^^ NOW, what can a rotating antennae or toroid do which a static antennae or toroid cannot? Well, the signal is going to be crystal clear for much longer distances; and much higher bandwidth rates are now perhaps possible. Not to mention, wireless power separated by larger distances of ground necessitates communication between rapidly rotating rotary inverters - think 90,000 RPM, for example. The static antennae or toroid can only go so far.
The ultra-high RPM permits HF signals to be packed into LF waves shipped for transport across large distances. The ultra-high RPM also permits HF signals to be unpacked from LF waves in much the same way.

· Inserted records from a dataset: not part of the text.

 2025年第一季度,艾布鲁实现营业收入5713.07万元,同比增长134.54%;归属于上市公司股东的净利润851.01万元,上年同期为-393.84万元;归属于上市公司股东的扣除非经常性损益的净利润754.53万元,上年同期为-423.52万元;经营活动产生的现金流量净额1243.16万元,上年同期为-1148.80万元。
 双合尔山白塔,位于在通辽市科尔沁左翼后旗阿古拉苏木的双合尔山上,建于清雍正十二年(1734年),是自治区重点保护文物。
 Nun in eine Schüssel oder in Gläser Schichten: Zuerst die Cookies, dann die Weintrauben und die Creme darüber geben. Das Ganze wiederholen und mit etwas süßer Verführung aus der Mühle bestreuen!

Our wave function has to be thought of as being rolled-up and un-rolled on-the-fly by the ultra-high rotation of our rotary inverter. So even though it is expressed and propagated as an LF frequency, when our carpet is rolled up and un-rolled, the details can perhaps be parsed from our lossless analog signal which traditionally carries our data extremely slowly. The LF signal’s coarse signal is nearly useless for data propagation, but it’s the fine signal which the rotary inverter unlocks.
This means we only need perhaps a 100 watt radio when perhaps before we needed 1,000 watts to touch continents. And the more ground-to-ground setups which come online, the more efficient our transfer of energy through earth becomes. Electromagnetic gears.

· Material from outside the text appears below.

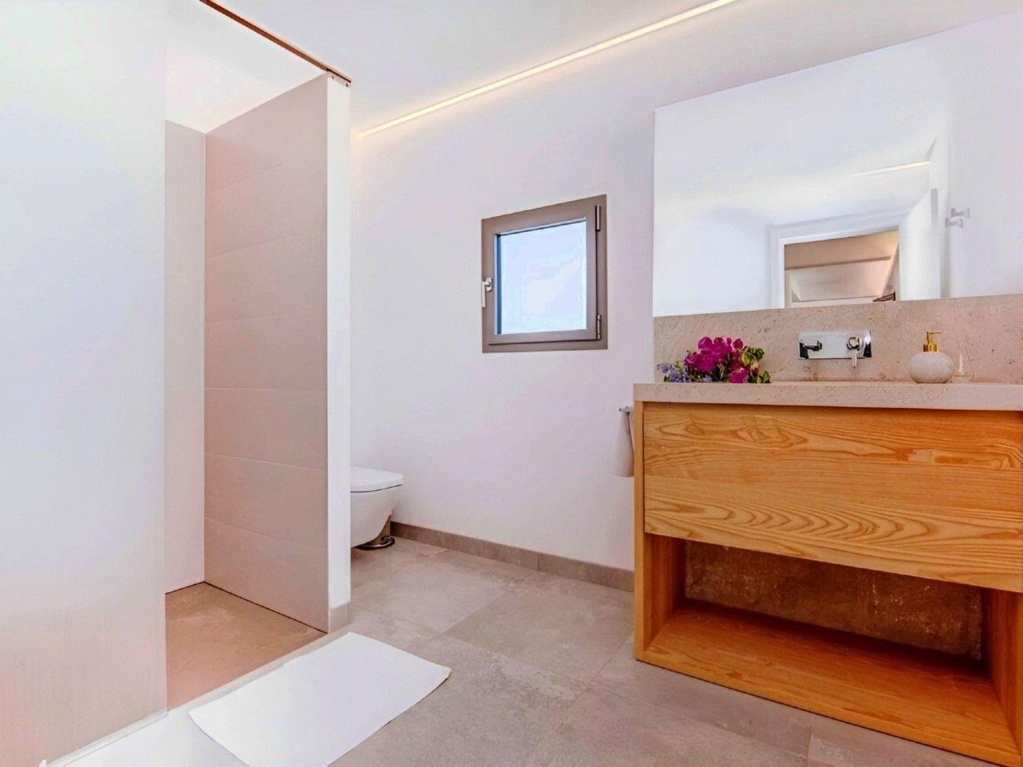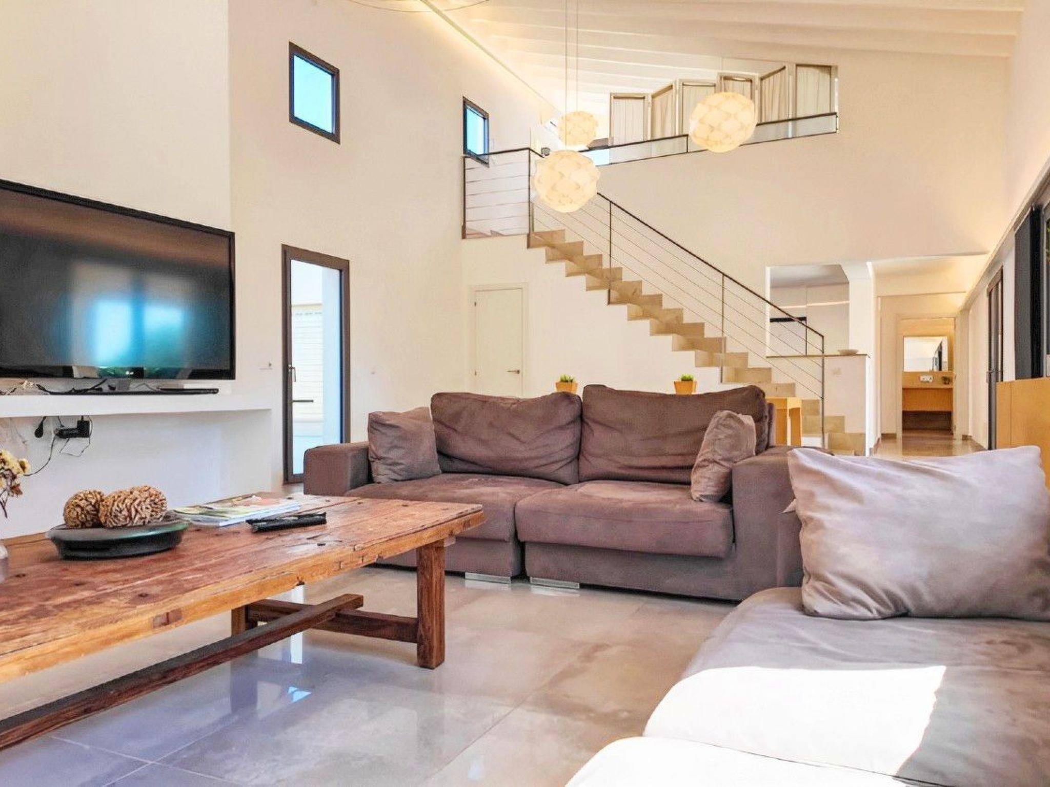 The house, which can accommodate up to 8 persons, offers approx. 230 m² of living space on two floors, an open and bright living/dining room, a huge fitted kitchen with dishwasher, four spacious bedrooms (three with single beds consisting of a double bed, the fourth with a double bed) and a total of three bathrooms (2x EnSuite). The bedroom with double bed is located on the upper floor, which is designed as an open gallery. All bedrooms and the living room have their own air conditioning.

Our primitive - that being wireless power, is unpacked by the ultra-high RPM rotating inverters. The data, much more detailed signal, is also unpacked one partial revolution at a time. Wireless power, wireless internet, even wireless rotors thanks to active magnet bearings, all packaged into one cylinder. Power, internet, sharing of each, and maximum efficiency.
The quieter we make this device with the help of active magnet bearings, the less interference in our data signal. An ant’s whisper can be only be heard if there is no noise in the house!